◆ Work item ◆
Transcribe exactly the lines below that begin at the line with "4 arm Harp Chandelier in pink." and stop after the line with "- 打开下载的 Maven,找到 conf 目录下的 settings.xml", leaving out every picture.

Collection entries
= = =

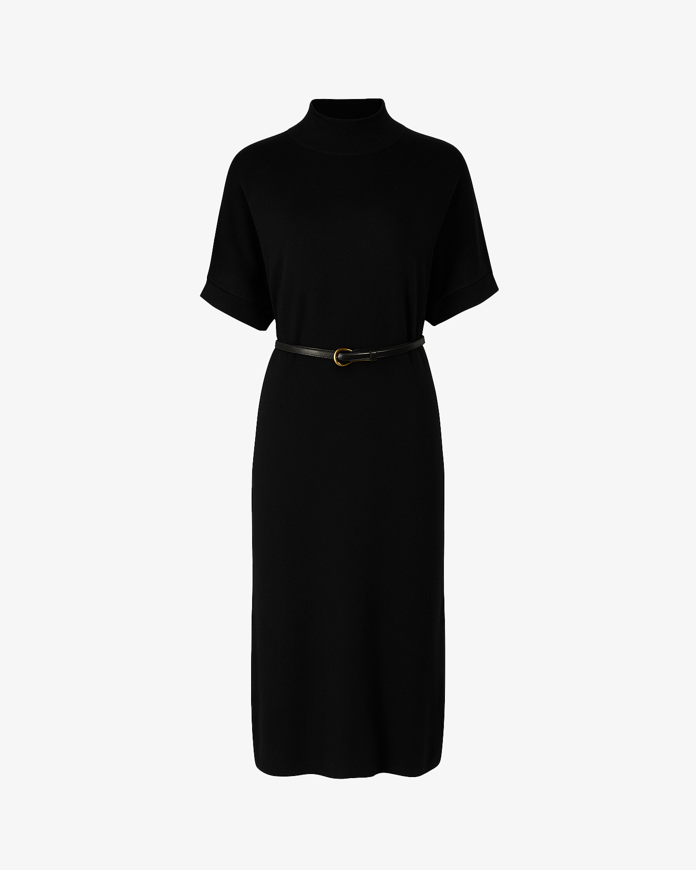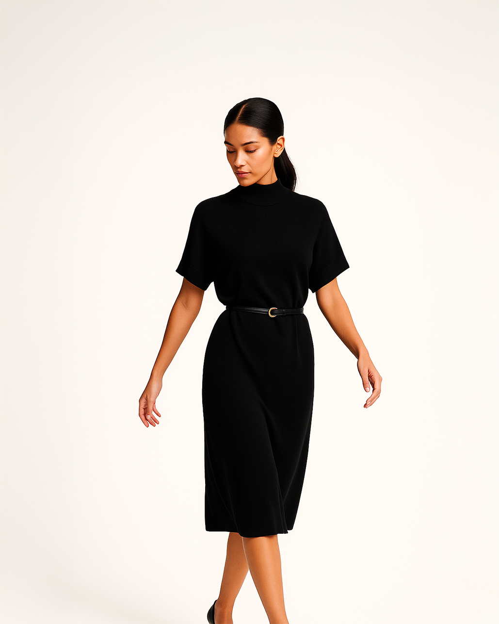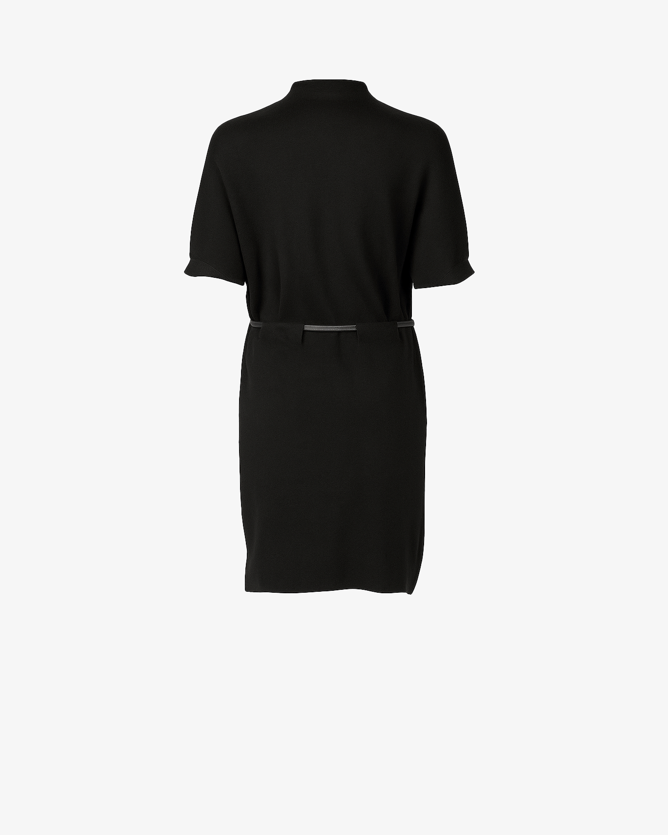 Un capo versatile e sofisticato, realizzato in morbida maglia dal design minimal. La linea dritta viene valorizzata dalla cintura in vita con fibbia metallica, che scolpisce la silhouette con eleganza. Il collo alto e le maniche corte aggiungono un tocco moderno e raffinato.
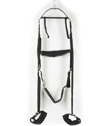 Stellungen, die im Bett "technisch" unmöglich sind, werden mit dieser schwarzen Schaukel zum neuen Lust-Vergnügen. Trage- und Aufbaukonstruktion (Traverse) 38 cm breit. Gurte, Hand- und Fußschlaufen aus reißfestem Nylon, gepolstert und längenverstellbar. Belastbar bis 100 kg. Inklusive Peitsche (38 cm lang) mit 8 Striemen und Ledergriff, Augenmaske und Montage-Zubehör. Metall, Polyester, Spaltleder, Polyamid. ...
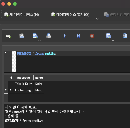 Entity Class에서 설정해준 id, name, message가 잘 들어가있는 걸 확인할 수 있다.
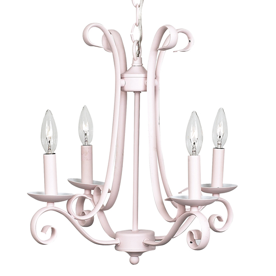 4 arm Harp Chandelier in pink.
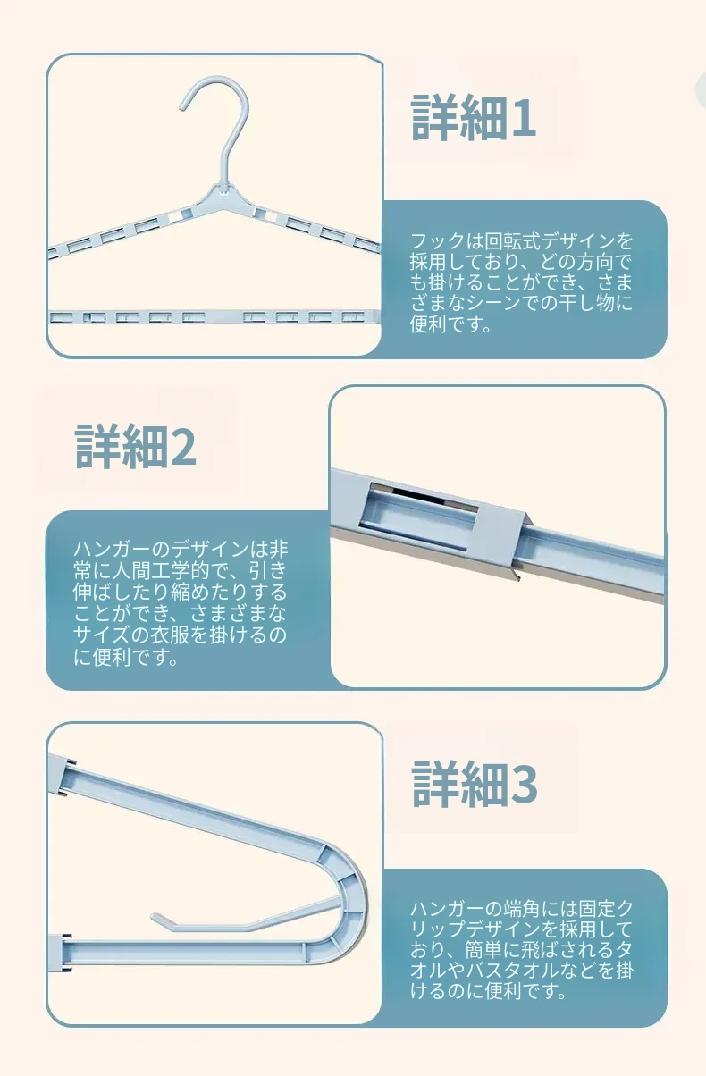 赤ちゃん専用の伸縮式ハンガー!新生児の衣類も簡単に干せる便利なアイテム!おしゃれで使いやすいベビー用品、衣類をしっかりサポートします。
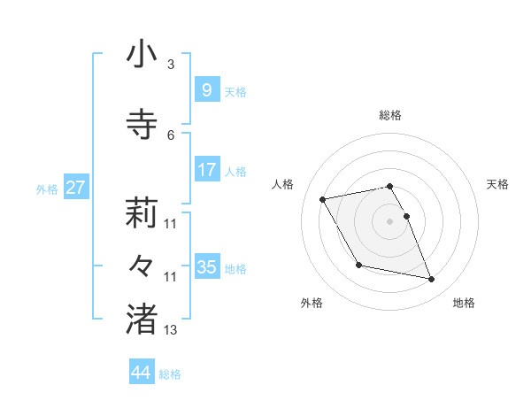 小寺 莉々渚さんの総格は44画の2点!
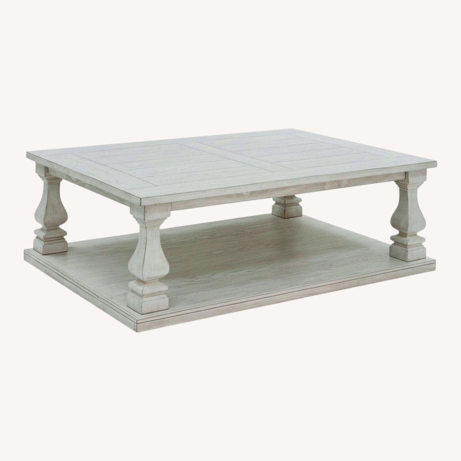 Seller's Notes:I am selling this stunning, oversized coffee table from Ashley Furniture, purchased only 3 months ago. It is in immaculate condition. Condition: Pristine/Like-new. It has been used very lightly and has never held any heavy items. Surface: Flawless. No scratches, no dents, and no water marks. It looks exactly as it did in the showroom. Design: Beautiful antique white finish with a classic distressed look. It features a spacious lower shelf for storage and stylishly carved pedestal legs. Quality: Very sturdy and high-quality piece that serves as a great centerpiece for any living room. Reason for Selling: Relocating and unfortunately cannot take it with me.
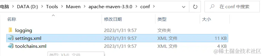 - 打开下载的 Maven,找到 conf 目录下的 settings.xml
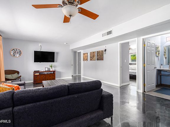 Beautifully maintained 3-bedroom, 2-bath home in an unbeatable Tempe location near Scottsdale Rd & McKellips. Perfect for owner-occupants or as a furnished rental investment. Open-concept layout with a spacious kitchen, dining for 8 plus bar seating, and comfortable living spaces. The backyard is an entertainer's dream — pebble-tech play pool, 3-4 person hot tub (2023 install), natural gas BBQ, fire pit, and low-maintenance landscaping. Primary suite with king bed, two guest rooms with queens. Two-car garage, full laundry, and keyless entry. Minutes from ASU, Old Town Scottsdale, and Sky Harbor Airport.
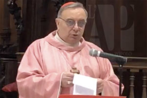 Nell’omelia, commentando la liturgia della Parola, l’arcivescovo ha esordito dicendo: “Anche oggi, con la sua Parola Dio, ci da molta consolazione e forza”. Ed ha invitato ad accoglierla “come la sua carezza per incoraggiarci nella situazione che stiamo vivendo; spero – ha proseguito – che davvero la sua Parola trovi spazio nelle nostre giornate trascorse fra le mura di casa”. Ha invitato, quanti, dalle loro case lo seguivano in streaming, a “tirare fuori dai cassetti la Bibbia… Mettetela in vista – ha esortato – in un luogo dignitoso e centrale della casa, leggetela ogni giorno. Il farlo è vivere in compagnia e in comunione con Dio. Considerate – ha affermato – il posto dove collocate il Vangelo come il tabernacolo della famiglia, la vostra piccola chiesa domestica”. Tornando alle letture della domenica e al brano del Vangelo, la guarigione del cieco nato, ha ricordato come “ il tema dominante è quello della luce. Dio è la sorgente della luce; Lui è la luce e ha mandato tra noi il Suo Figlio che è la luce della vita; e quando, lo accogliamo diventiamo a nostra volta luce. Dove c’è luce – ha proseguito l’Arcivescovo – c’è vita, c’è armonia, c’è bellezza; il suo contrario – il buio – fa pensare alla morte, all’ oscurità, ci blocca nei movimenti. Dio si presenta da subito come luce; nella creazione la luce è la sua prima “creatura… Penso che in momenti come quelli che stiamo vivendo – ha detto – ci faccia bene meditare un po’ sulla luce. Siamo tutti preoccupati e impauriti per quello che sta avvenendo; nuvole grigie ci sovrastano; sono tante le domande che ci facciamo sul presente e sul futuro. Mai come ora – ha affermato – abbiamo bisogno della luce di Dio; di un Padre che si mette accanto, ci prenda per mano e con la luce della sua lampada ci conduca là dove i nostri occhi non riescono a vedere. Abbiamo pregato (salmo): “Il Signore è il mio pastore, non manco di nulla”. Il Salmista paragona Dio a un pastore che non fa mancare al suo gregge ciò che gli serve;… il pastore, resta con le sue pecore, le guida e le protegge. Facciamo in modo – ha detto- che la luce della fede illumini questa difficile situazione che stiamo vivendo. Non possiamo cedere allo sconforto o alla disperazione. Dobbiamo attraversare questi giorni con la luce della fede, con la certezza che Dio non ci lascia soli e ci da’ il suo aiuto per affrontare qualsiasi difficoltà”. Commentando, poi, l’incontro tra Gesù e il cieco nato ha fatto notare come “c’è molto di più di un miracolo; c’è un cammino di fede, la scoperta di Gesù unita a una profonda adesione a Lui; il cieco, infatti, poco alla volta, ‘scopre’ Gesù e si unisce a Lui; riconosce davanti a tutti quello che Lui ha fatto e senza timore ripete: ‘so soltanto so questo: che prima non ci vedevo e adesso ci vedo’; e, alla fine, fa la sua professione di fede: ‘Credo, Signore’ “. L’Arcivescovo si è poi soffermato sull’atteggiamento di Gesù che si fa prossimo al cieco. “Mentre gli altri – ha proseguito – sono preoccupati di scoprire di chi è la colpa della cecità o perché Gesù ha compiuto il miracolo di sabato, l’evangelista Giovanni si concentra sull’unica cosa che conta: Gesù si accorge di quell’uomo e prende l’iniziativa. Si coinvolge nella vicenda del cieco; si accorge di lui, gli spalma il fango sugli occhi, gli parla, lo apre ad orizzonti più grandi”. Ha esortato, coloro che ascoltavano, a mettersi al posto di quel cieco. “Gesù – ha continuato – ci raggiunge, si accorge della nostra situazione e ci risolleva. Quanto stiamo vivendo – ha proseguito – ha modificato molte delle nostre pratiche cristiane. Non possiamo uscire, non abbiamo – purtroppo – la possibilità di ritrovarci insieme in chiesa per celebrare l’eucarestia. Sembrerebbe quasi che il nostro cristianesimo, in questo momento, sia contraddistinto dal segno “meno”. Ma siamo sicuri che è così? Siamo sicuri di essere “senza” qualcosa – si è chiesto – oppure, alla luce del Vangelo di oggi, possiamo e dobbiamo dire di essere anche ora “con” Qualcuno?… In questo momento difficile – ha detto – Lui è con noi; Lui soffre con noi, Lui lotta con noi, Lui è dentro di noi e questo ci deve dare tanta, tanta serenità… Con Lui vicino possiamo dire: ce la faremo perché il Signore è dalla nostra parte!” Facendo, poi, riferimento alla scorsa domenica (vedi) quando ha chiesto di tornare a considerare l’importanza del rapporto con Dio vissuto in spirito e verità, anche in assenza delle nostre chiese è ritornato ancora sul questo concetto ricordando che “ il nostro essere luce oggi va testimoniato soprattutto nelle nostre case. Forse – ha proseguito – non eravamo più abituati a stare con noi stessi o con i nostri cari. La frenesia della vita prima del corona virus ci aveva fatto perdere di vista l’importanza dell’interiorità, del pensare a noi, e la stessa presenza dei nostri cari era ormai un’abitudine, ma in senso negativo: si parlava poco tra noi e la tv è diventata la padrona di casa. Lo stare a casa – ha detto – ci potrebbe aiutare a riandare verso il centro della nostra vita per capire se in essa è presente la luce oppure no.
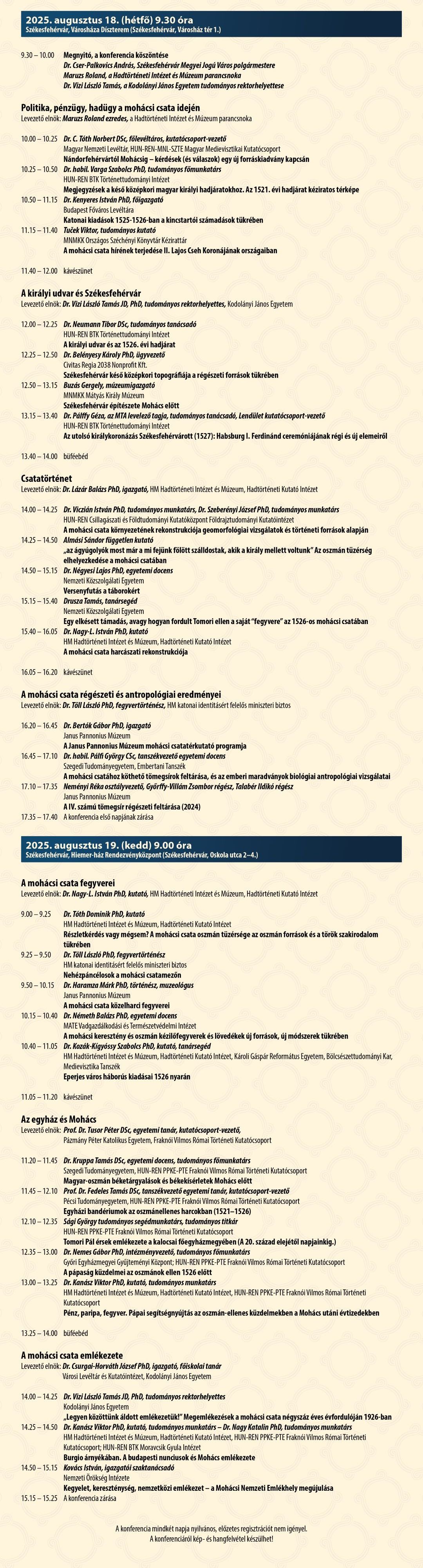 A megnyitó augusztus 18-án, hétfőn 09.30 órakor kezdődik a Városháza Dísztermében, a résztvevőket dr. Cser-Palkovics András polgármester, Maruzs Roland, a Hadtörténeti Intézet és Múzeum parancsnoka és dr. Vizi László Tamás köszönti. A konferencia ezt követően a Politika, pénzügy, hadügy a mohácsi csata idején című szekcióval indul, amely új forráskiadványokról, középkori hadjáratok kéziratos térképeiről, katonai kiadásokról és a csata hírének terjedéséről ad képet. Ezt követően A királyi udvar és Székesfehérvár blokk előadásai a királyi udvar szerepétől a város késő középkori topográfiáján át az utolsó székesfehérvári királykoronázásig terjednek. A Csatatörténet szekcióban geomorfológiai rekonstrukciók, az oszmán tüzérség elhelyezkedése, a hadműveletek sajátos mozzanatai és a harcászati rekonstrukció kerülnek fókuszba. A nap zárásaként A mohácsi csata régészeti és antropológiai eredményei részben a csatatérkutatás és a tömegsírok feltárásának legújabb eredményeit ismertetik.

= = =

◆ Result of the exercise ◆
 4 arm Harp Chandelier in pink.
 赤ちゃん専用の伸縮式ハンガー!新生児の衣類も簡単に干せる便利なアイテム!おしゃれで使いやすいベビー用品、衣類をしっかりサポートします。
 小寺 莉々渚さんの総格は44画の2点!
 Seller's Notes:I am selling this stunning, oversized coffee table from Ashley Furniture, purchased only 3 months ago. It is in immaculate condition. Condition: Pristine/Like-new. It has been used very lightly and has never held any heavy items. Surface: Flawless. No scratches, no dents, and no water marks. It looks exactly as it did in the showroom. Design: Beautiful antique white finish with a classic distressed look. It features a spacious lower shelf for storage and stylishly carved pedestal legs. Quality: Very sturdy and high-quality piece that serves as a great centerpiece for any living room. Reason for Selling: Relocating and unfortunately cannot take it with me.
 - 打开下载的 Maven,找到 conf 目录下的 settings.xml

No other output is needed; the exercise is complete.